Ce que j'aime dans le personnage de Chen Cao, c'est le symbole qu'il incarne, le tournant que la Chine peine encore un peu à emprunter. Un étudiant brillant devenu flic parce que c'est le Parti qui décide de la destination à prendre à la fin des études. C'est le petit protégé du Parti, ce qui ne l'empêche pourtant pas de se livrer corps et âme à son boulot alors que d'autres se plongent d'emblée dans le costume du parfait fonctionnaire.
La découverte du cadavre de l'Héroïne rouge embarrasse tout le monde, les pressions sont fortes, la Commission de discipline épingle Chen afin de l'empêcher d'enquêter de trop près sur l'implication d'un fils d'un gros ponte du régime.
Tout cela sent la Chine politiquement archaïque à plein nez.
Contraste singulier entre un inspecteur moderne et un système ancestral.
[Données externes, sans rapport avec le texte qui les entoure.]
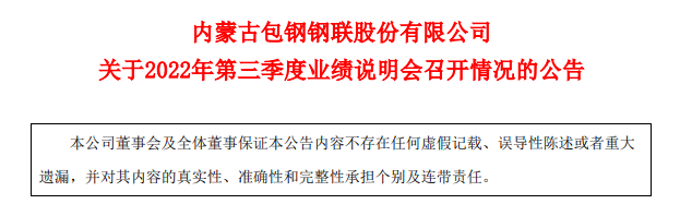 11月9日,内蒙古包钢钢联股份有限公司召开了2022年第三季度业绩说明会,公司董事长刘振刚先生等人参加了在线互动交流。

C'est comme cela que Chen prend pleinement conscience du carcan dans lequel il est emprisonné, des limites infranchissables du système, de sa vie depuis toujours orientée selon la volonté du parti. Coup dur.
A travers une enquête policière plaisante, c'est un beau portrait réaliste de la Chine qui nous est livré. L'omniprésence du régime dans la vie quotidienne est épinglée et c'est là qu'on réalise, si besoin en était, qu'il reste encore à ce pays énormément de chemin à parcourir.